Has the e-book bubble burst?
I like Nicholas Carr. His 2008 Atlantic cover story “Is Google Making Us Stupid?” (expanded two years later into “The Shallows,” a 2010 Pulitzer finalist) helped catalyze a key idea: the distracting nature of digital culture, which encourages us to read widely but not necessarily deeply, flitting from concept to concept, piece to piece, like mosquitoes on a pond.
For Carr, this is both a social and a biological problem; among the most interesting parts of “The Shallows” are those dealing with the brain. Computers, Carr argues — or, more to the point, our use of them — are literally rewiring our brain chemistry, causing us to think differently than we did in an analog world.
Given all that, it’s perhaps not surprising that Carr should emerge last week with a Wall Street Journal piece arguing the e-book bubble may have burst.
“Half a decade into the e-book revolution …,” he writes, “the prognosis for traditional books is suddenly looking brighter. Hardcover books are displaying surprising resiliency. The growth in e-book sales is slowing markedly. And purchases of e-readers are actually shrinking, as consumers opt instead for multipurpose tablets. It may be that e-books, rather than replacing printed books, will ultimately serve a role more like that of audio books—a complement to traditional reading, not a substitute.”

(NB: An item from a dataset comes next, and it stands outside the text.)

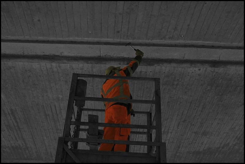Brückenkontrolle... Die Brücken werden auf Schäden z.B Abplanzungen untersucht. Dies erfolgt durch abklopfen mit einem Hammer. Wie die Kontrolle ausgeführt wird, kann man hier sehen.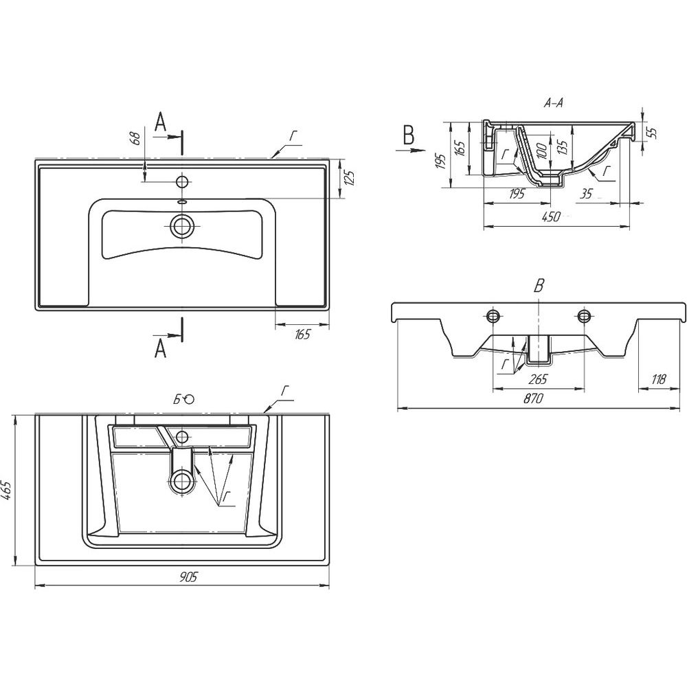 - Раковина из полимерной керамики устойчива к воздействию влаги и повреждениям.

Carr may miss the point when it comes to e-readers — of course, sales have declined since the advent of the tablet, which is a far more versatile (and, in its way, revolutionary) machine — but his other arguments are harder to dismiss.
“From the start,” he observes, “e-book purchases have skewed disproportionately toward fiction, with novels representing close to two-thirds of sales. Digital best-seller lists are dominated in particular by genre novels, like thrillers and romances. Screen reading seems particularly well-suited to the kind of light entertainments that have traditionally been sold in supermarkets and airports as mass-market paperbacks.”
What he means is that e-books have filled a niche in the publishing landscape, rather than eating it alive. This echoes my own (admittedly anecdotal) experience, which is that I download what we might call secondary titles — in other words, books I don’t necessarily intend to keep.
I’m reminded of my honeymoon, nearly 25 years ago, when in the interest of keeping it light, my wife and I traveled with cheap paperbacks, which we left behind when we were done. This has always been the role of mass-market publishing, and it’s one e-books seem particularly suited to fulfill.
Carr cites various statistics in support of his argument, such as the 2012 finding, by a Bowker Market Research survey, “that just 16% of Americans have actually purchased an e-book and that a whopping 59% say they have ‘no interest’ in buying one.” This is less compelling to me, since these numbers may be age-related; I live with teenagers who do much of their reading on electronic devices, whether laptop or tablet or phone.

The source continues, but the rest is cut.